Elsevier Data Repository: 2021 data-update 2022 data-update 2023 data-update 2024 data-update
News
Exploring the Scoring Function Space [>>]
A view of the scoring function space (Ross et al., 2013) as a way to develop a computational model to predict ligand-binding affinity (Bitencourt-Ferreira et al., 2024).
We envisage protein-ligand interaction as a result of the relation between the protein structure space (Hou et al., 2005) and the chemical space (Bohacek et al., 1996; Dobson, 2004; Kirkpatrick & Ellis, 2004; Lipinski & Hopkins, 2004; Shoichet, 2004; Stockwell, 2004), and we propose to approach these sets as a complex system, where the application of artificial intelligence could contribute to understanding the structural basis for the specificity of ligands for proteins. Such approaches can create novel scoring functions to predict binding affinity with superior predictive power compared with classical scoring functions (also known as universal scoring functions) (Ross et al., 2013; Bitencourt-Ferreira et al., 2024; de Azevedo Jr. et al., 2024) available in docking programs (de Azevedo Jr., 2021). We propose to use the abstraction of a mathematical space composed of infinite computational models to predict ligand-binding affinity, named scoring function space (SFS) (Ross et al., 2013; Heck et al., 2017; Bitencourt-Ferreira & de Azevedo Jr., 2019; Veríssimo et al., 2022; Bitencourt-Ferreira et al., 2024; de Azevedo Jr. et al., 2024).

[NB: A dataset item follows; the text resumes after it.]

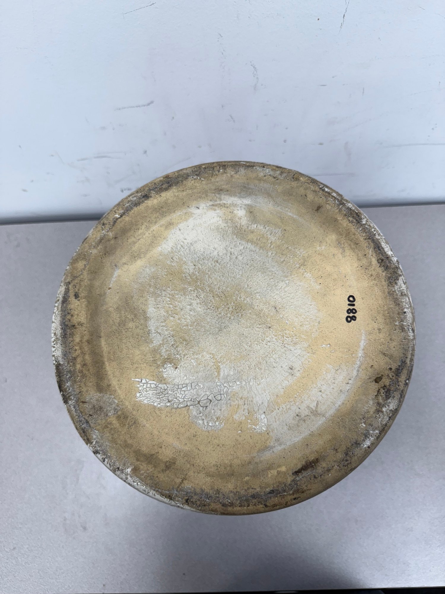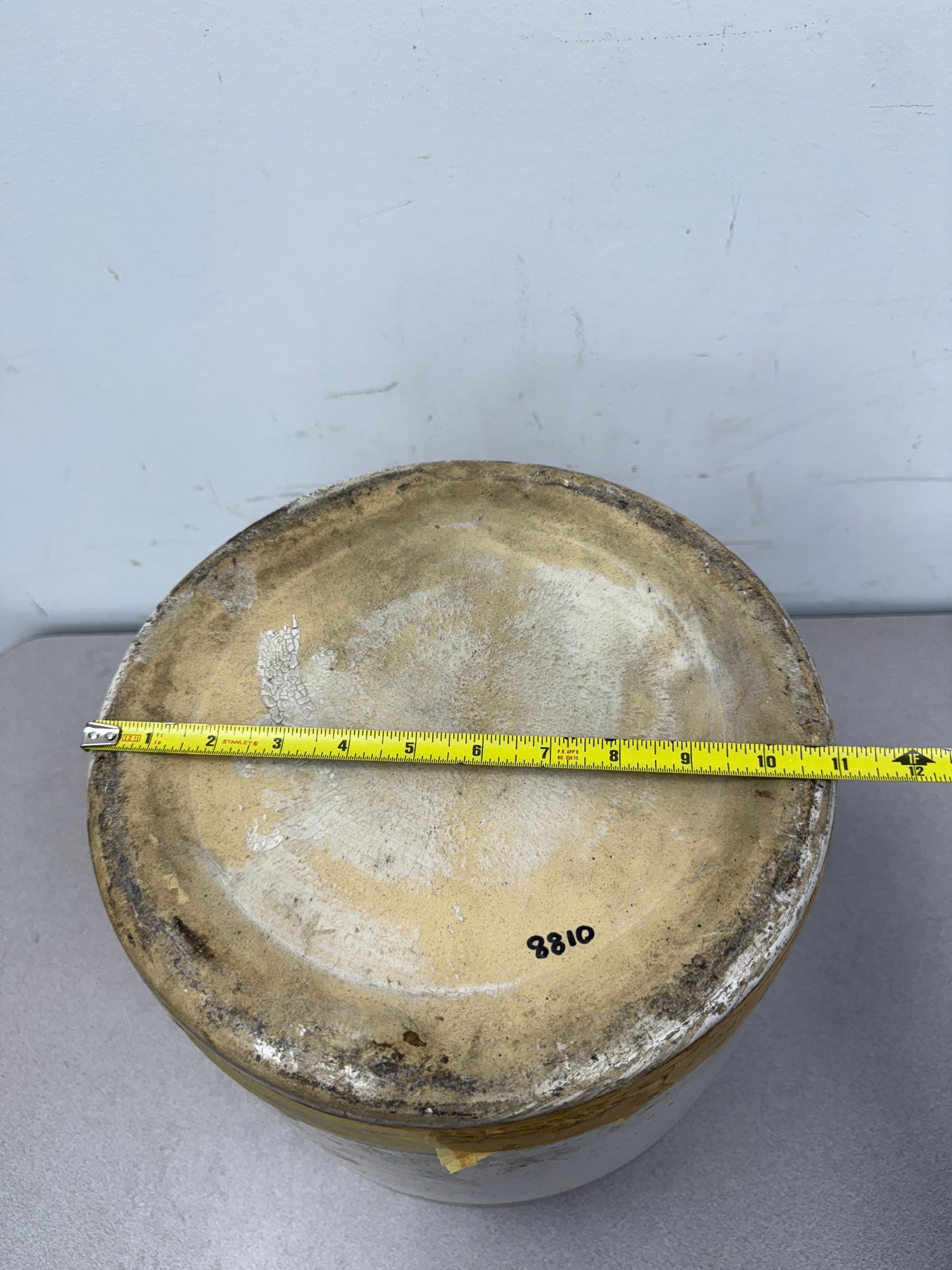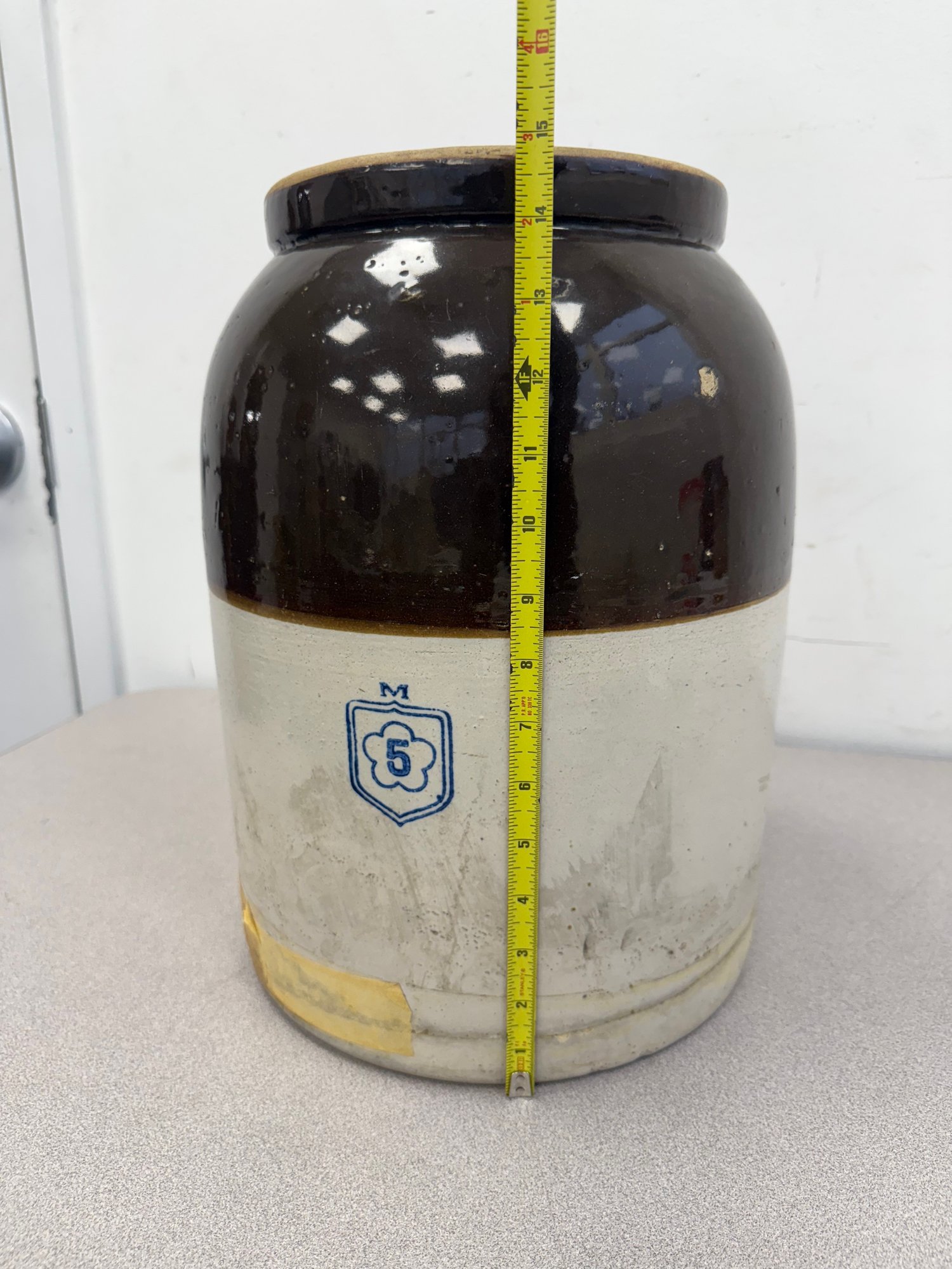 A vintage stoneware crock, featuring a classic two-tone glaze. The upper portion displays a rich, glossy Albany slip brown glaze, contrasting sharply with the natural, light-colored, utilitarian base. This piece is highly collectible and was likely manufactured prior to the widespread use of modern refrigeration.

With the development of the SFS concept, we expect to merge the holistic view of systems biology with machine-learning methods to contribute to drug discovery projects (Bitencourt-Ferreira et al., 2024; de Azevedo Jr. et al., 2024). By the use of supervised machine learning techniques, we can explore this SFS (Bitencourt-Ferreira & de Azevedo Jr., 2019; da Silva et al., 2020; de Azevedo Jr. et al., 2024) to build a computational model targeted to a specific protein system (targeted-scoring function) (Seifert, 2009). For instance, we created targeted-scoring functions for cyclin-dependent kinases (EC 2.7.11.22) (de Ávila et al., 2017; Levin et al., 2018; da Silva et al., 2020; de Azevedo Jr. et al., 2024) and HIV-1 protease (EC 3.4.23.16) (Pintro & de Azevedo, 2017).
We developed the programs SAnDReS (Xavier et al., 2016; Bitencourt-Ferreira & de Azevedo Jr., 2019; de Azevedo Jr. et al., 2024), SFSXplorer, and Taba (da Silva et al., 2020; Bitencourt-Ferreira et al., 2021) to generate computational models to predict ligand-binding affinity. These programs are integrated computational tools to explore the SFS (Bitencourt-Ferreira et al., 2024).